Bug 40073

Summary:	SSTDeserializer problem
Product:	POI	Reporter:	Sergey Dubovitskiy <Dubovitskiy>
Component:	HPSF	Assignee:	POI Developers List <dev>
Status:	RESOLVED FIXED
Severity:	normal
Priority:	P2
Version:	2.5-FINAL
Target Milestone:	---
Hardware:	Other
OS:	other
Attachments:	sstTest.xls

Description Sergey Dubovitskiy 2006-07-19 11:30:12 UTC

Hi
Gentlemen,

We are using POI 2.5 (2.5.1 shows the same problem) to parse Excel files and 
have encountered a problem with the SSTDeserializer class.

We have solved the problem but we would like to consult with you if our 
corrections are acceptable. 
This is also possible that this is a known problem and an official fix exists?

We’ll appreciate any help much.

Reproduce the problem:
Just try to open file sstTest.xls from attachment

Following exception occurs during opening of excel file: 
java.lang.NullPointerException
            at org.apache.poi.hssf.record.SSTRecord.getString
(SSTRecord.java:277)
            at org.apache.poi.hssf.model.Workbook.getSSTString
(Workbook.java:649)
            at org.apache.poi.hssf.usermodel.HSSFCell.<init>(HSSFCell.java:283)
            at org.apache.poi.hssf.usermodel.HSSFRow.createCellFromRecord
(HSSFRow.java:198)
            at org.apache.poi.hssf.usermodel.HSSFSheet.setPropertiesFromSheet
(HSSFSheet.java:156)
            at org.apache.poi.hssf.usermodel.HSSFSheet.<init>
(HSSFSheet.java:110)
            at org.apache.poi.hssf.usermodel.HSSFWorkbook.<init>
(HSSFWorkbook.java:177)
            at org.apache.poi.hssf.usermodel.HSSFWorkbook.<init>
(HSSFWorkbook.java:210)
            at org.apache.poi.hssf.usermodel.HSSFWorkbook.<init>
(HSSFWorkbook.java:191)
 
Problem Description:
The problem reproduces when string in CONTINUE RECORD finishes at the end of 
record and extra CONTINUE RECORD exists. The readStringRemainder method reads 
remainder of current string but doesn’t update continuationCharsRead variable 
with new length.

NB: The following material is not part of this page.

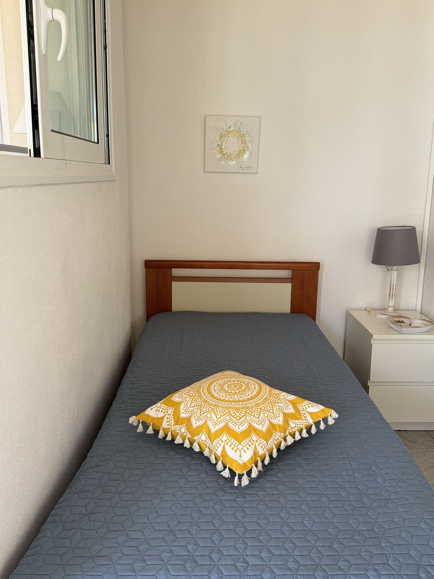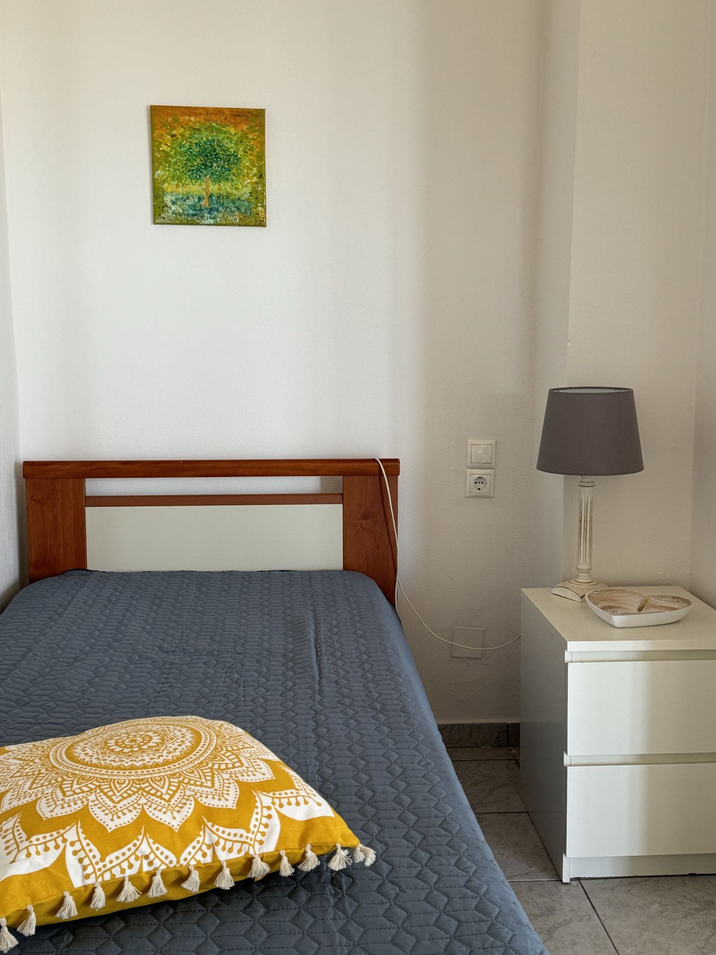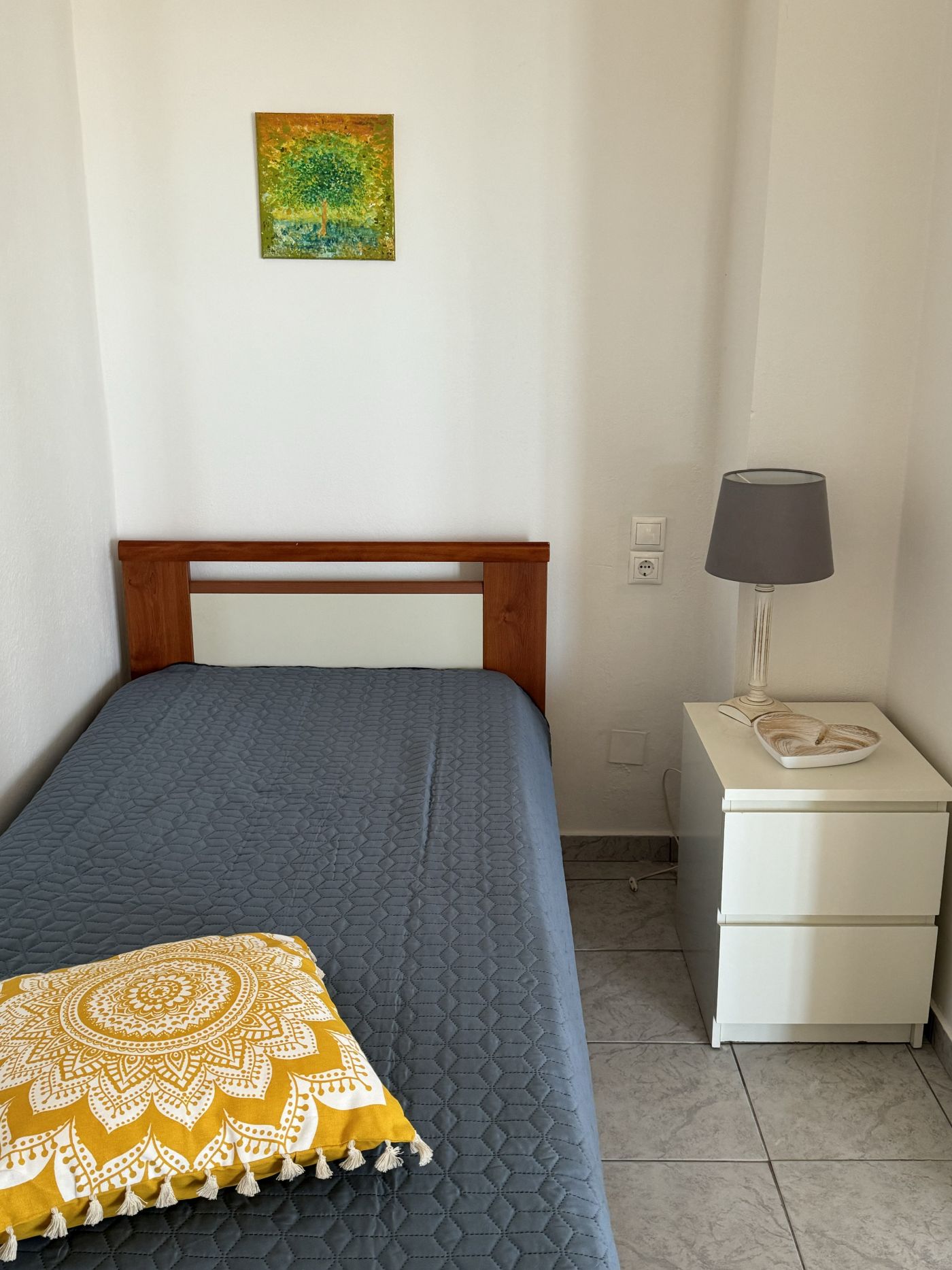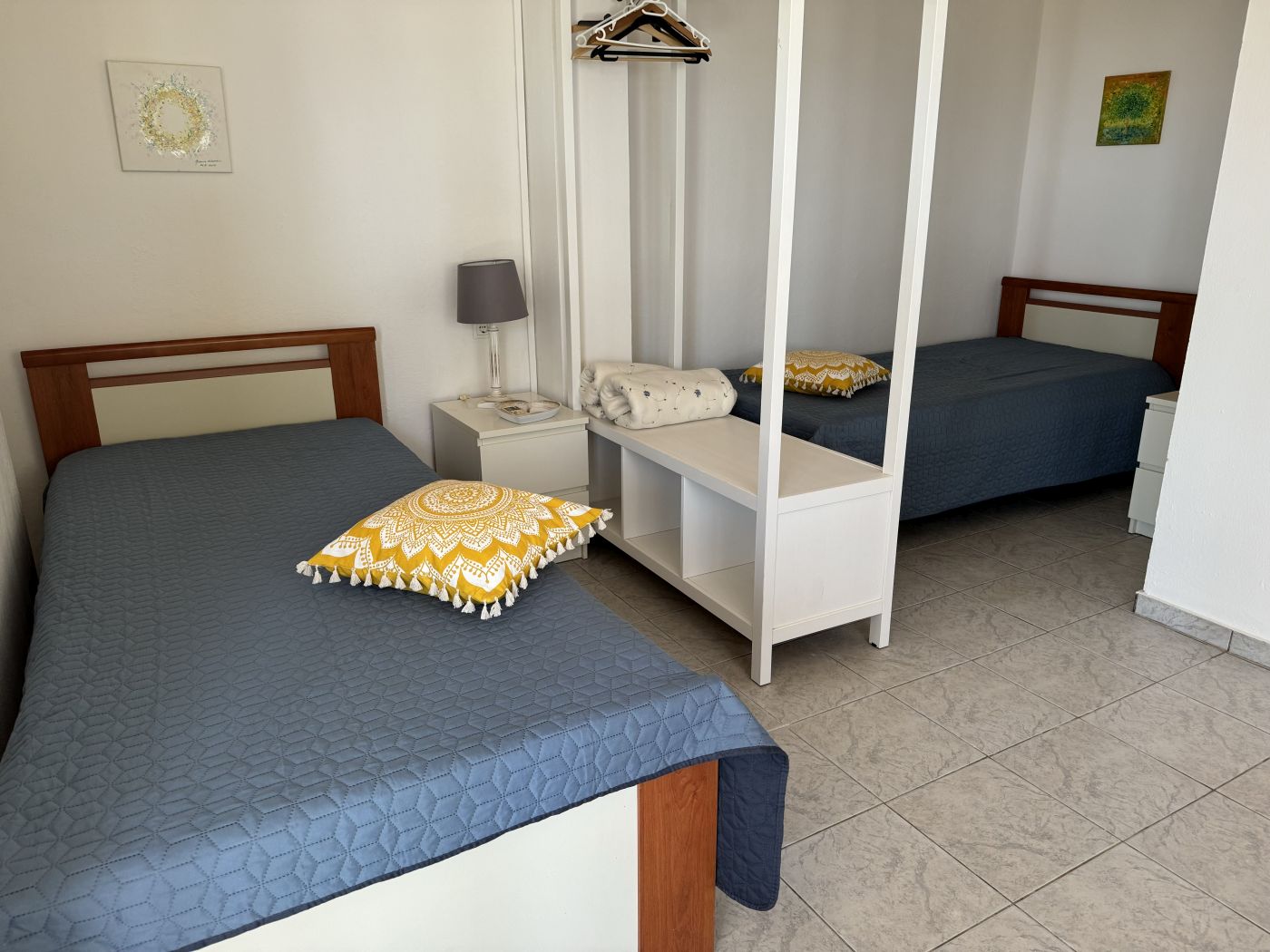 Lejligheden er møbleret med 2 enkeltsenge, sengeborde, skabsarrangement, lille køkken med 2 kogeplader, og bad/toilet.

As a result when next CONTINUE record is called with 
processContinueRecord the function isStringFinished returns invalud result,and  
string is treated as unfinished one.


Solutuion:
 We  suggest to correct this problem by modifying readStringRemainder code like 
this 

private void readStringRemainder( final byte[] record )
    {
        int stringRemainderSizeInBytes = calculateByteCount( charCount-
getContinuationCharsRead() );
        byte[] unicodeStringData = new byte[SSTRecord.STRING_MINIMAL_OVERHEAD
                + stringRemainderSizeInBytes];

        // write the string length
        LittleEndian.putShort( unicodeStringData, 0, (short) (charCount-
getContinuationCharsRead()) );

        // write the options flag
        unicodeStringData[LittleEndianConsts.SHORT_SIZE] = createOptionByte( 
wideChar, richText, extendedText );

        // copy the bytes/words making up the string; skipping
        // past all the overhead of the str_data array
        arraycopy( record, LittleEndianConsts.BYTE_SIZE, unicodeStringData,
                SSTRecord.STRING_MINIMAL_OVERHEAD,
                stringRemainderSizeInBytes );

        // use special constructor to create the final string
        UnicodeString string = new UnicodeString( UnicodeString.sid,
                (short) unicodeStringData.length, unicodeStringData,
                unfinishedString );
        Integer integer = new Integer( strings.size() );

        addToStringTable( strings, integer, string );

        int newOffset = offsetForContinuedRecord( stringRemainderSizeInBytes );
    

        // ----------------------- CORRECTIONS BEGIN-------------------------
       /* 
        * This function doesn't update the continuationCharsRead variable
        * with new string length (unfinished string length + remaining string 
length )
        * Because string variable is a concatenation of unfinishedString and 
stringRemainder,
        * it 's length is characketers can be used as new value for 
continuationCharsRead.
      */

        setContinuationCharsRead(string.getCharCount() );
      
        /*
         * If we didn't reach end of current record we have to call 
         * manufactureStrings to process other strings in this record. 
         * Because of manufactureStrings  checks if end of record is reached 
         * it can be called unconditionally.
         * But the problem is, manufactureStrings   
         * will call initVars first and reset the continuationCharsRead value,
         * which is necessary for isStringFinished to work correctly
         * when next processContinueRecord will be called.
         */
        if (newOffset < record.length)
        {
            manufactureStrings( record, newOffset);
        }

        // ----------------------- CORRECTIONS END -------------------------

    }

 
 

 Thank you.
Sergey.

Comment 1 Sergey Dubovitskiy 2006-07-19 11:32:10 UTC

Created attachment 18618 [details]
sstTest.xls

Comment 2 Jason Height 2006-07-24 08:32:20 UTC

Works against latest SVN. SST handling was completely rewritten in the current
SVN. Release pending.

Jason